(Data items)
- - - -

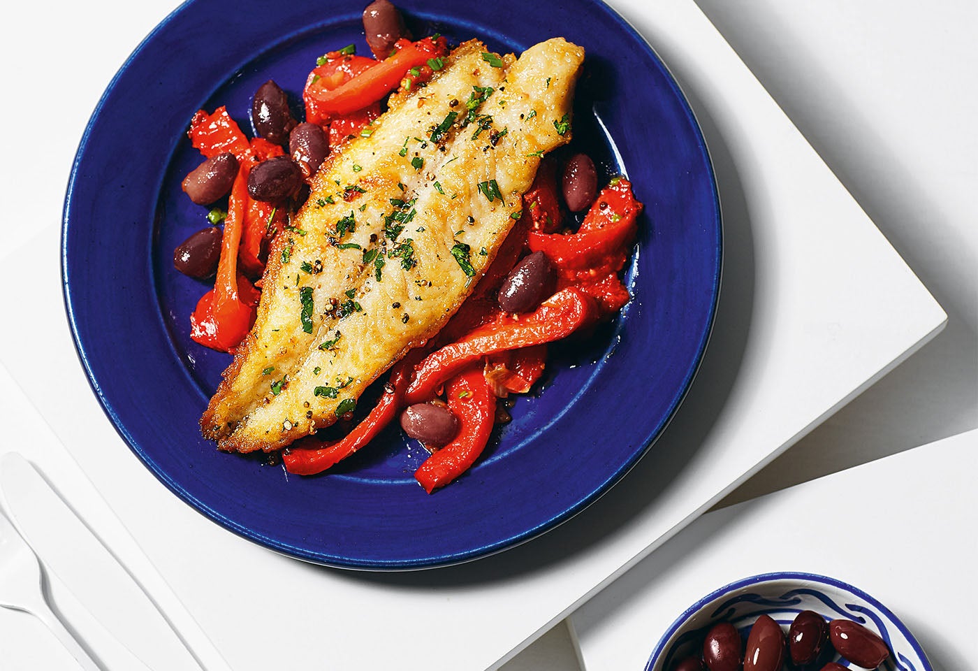 Gebratenes Pangasiusfilet mit Paprika-Oliven-Gemüse
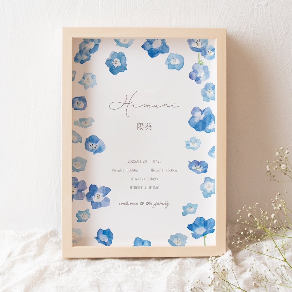 手描きの水彩イラストでネモフィラの優しい青を表現した命名書です。
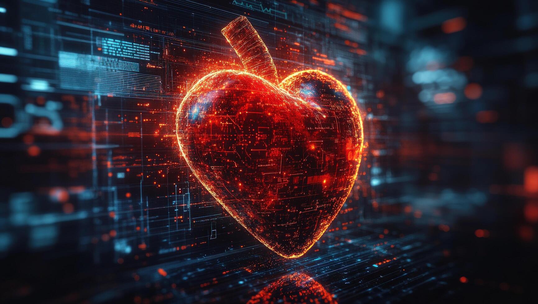 Digital heart data flowing through technological circuit network photo
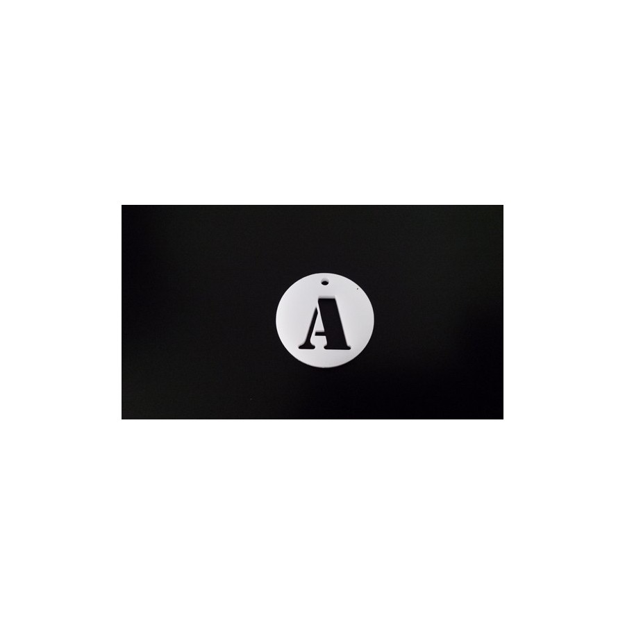 Pendente  em acrilico, redondo, com corte a laser no interior com formato de letra, com furo para colocação de fio ou argola.
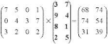 Easy enough. Sadly, matrix multiplication is less obvious. Returning to the AJAX company, suppose the unit profit of its four products are 3, 9, 8, 2. We can certainly compute the overall profit for Factory 1 with outputs 7, 5, 0, 1 of its four products. It works out as 7 × 3 + 5 × 9 + 0 × 8 + 1 × 2 = 68.

- - - -

Every record, from top to bottom, gets written out exactly; no picture goes into the copy.

 Gebratenes Pangasiusfilet mit Paprika-Oliven-Gemüse
 手描きの水彩イラストでネモフィラの優しい青を表現した命名書です。
 Digital heart data flowing through technological circuit network photo
 Pendente  em acrilico, redondo, com corte a laser no interior com formato de letra, com furo para colocação de fio ou argola.
 Easy enough. Sadly, matrix multiplication is less obvious. Returning to the AJAX company, suppose the unit profit of its four products are 3, 9, 8, 2. We can certainly compute the overall profit for Factory 1 with outputs 7, 5, 0, 1 of its four products. It works out as 7 × 3 + 5 × 9 + 0 × 8 + 1 × 2 = 68.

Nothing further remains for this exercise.